Not for the dogs | a sermon

A sermon by Jamie Howison on Romans 11:1-2a, 29-32 and Matthew 15: 21-28

Let me just begin by saying that this gospel reading for tonight includes some troubling textures. Jesus and his disciples have gone to the district of Tyre and Sidon, which is well north of any predominantly Jewish territory. The heat is rising for him amongst many of the Jewish leaders, and the demands on his time and his gifts are very high. This journey north may well have been for a time of respite, but it is important to note that they are now very much in Gentile territory.

There Jesus is approached by a Canaanite woman—a Gentile—who begs for mercy and requests healing for her daughter. She even calls him “Lord” and “Son of David,” which means she has at least some familiarity with Jewish thought… and with Jesus’ growing reputation as a source of life and healing. His answer? Nothing. “He did not answer her at all.” Not only that, but his disciples ask him to send her away, because her pleas are getting loud and troublesome.

“Jesus answered, ‘I was sent only to the lost sheep of the house of Israel.’” That’s not even addressed to this distraught woman, but rather just spoken to the disciples. Yet she is persistent, kneeling before him and begging for help. His answer should strike us as really troubling. “It is not fair to take the children’s food and throw it to the dogs.” Dogs. That was a typical Jewish slur used for Gentiles, and specifically for Canaanites. Such words from the mouth of Jesus: “It is not right to take the children’s bread and toss it to the dogs.” (Peterson, The Message)

But she comes right back at him, with the sort of desperate confidence that might be wielded by a mother worried sick about the health of her child. “Yes, Lord,” she says, “yet even the dogs eat the crumbs that fall from their masters’ table.” “Woman, great is your faith!” Jesus says. “Let it be done for you as you wish.” And right away the daughter is set free of her affliction.

At this point we might all heave a great sigh of relief. Ah, you see, Jesus didn’t turn her away after all, the child is healed, the woman vindicated in her stubborn persistence. The word of the Lord, alleluia!

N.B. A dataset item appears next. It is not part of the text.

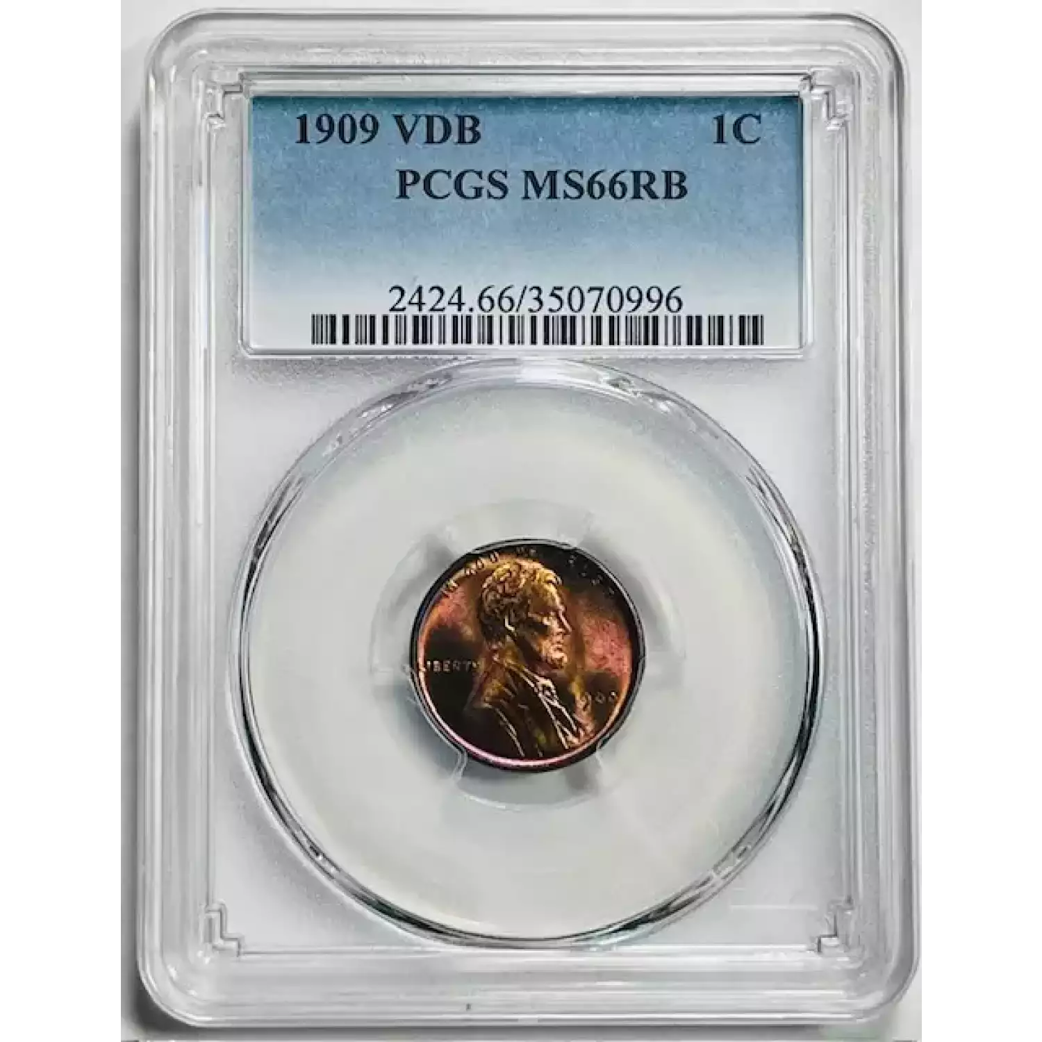 1909 Small Cents Lincoln, Wheat Ears Reverse PCGS MS-66 RB Pretty Purple!

But what was that about? His silence, his dismissive comments about only coming to the lost sheep of Israel, his harsh words comparing her and her child to dogs? After all, seven chapters earlier in Matthew’s gospel, a centurion had come to Jesus and told him that he had a servant at home who was lying paralyzed and losing all hope. Jesus’ response? “I will come and cure him.” Just like that, he’s ready to go to the home of the centurion to heal the servant. This is for a centurion of all people; someone in the military employ of the occupying Roman Empire. If anyone was ever to be turned away, it would have been one such as this. Yet Jesus is quite prepared to go with him. And when the centurion then says, “Lord, I am not worthy to have you come under my roof; but only speak the word, and my servant will be healed,” Jesus is so very struck by the man’s confidence that he pronounces healing right then and there.

But what in heaven’s name is so different between that centurion and this woman?

As one looks at the various commentaries on this story, some seem to be quite content with the sigh of relief—see, if all worked out—while others tend to take one of two perspectives.

The first perspective is to say that Jesus is engaging this conversation in a playful and almost ironic way, intending to draw out the woman and have her demonstrate what stubborn faith looks like when it is pushed against the wall. In this interpretation, Jesus was not interested in denying her request, but rather in raising it to a level at which he could praise her for it, right there in front of his disciples. This, however, strikes me as a bit of a dodge; an attempt to make sure Jesus never disappoints.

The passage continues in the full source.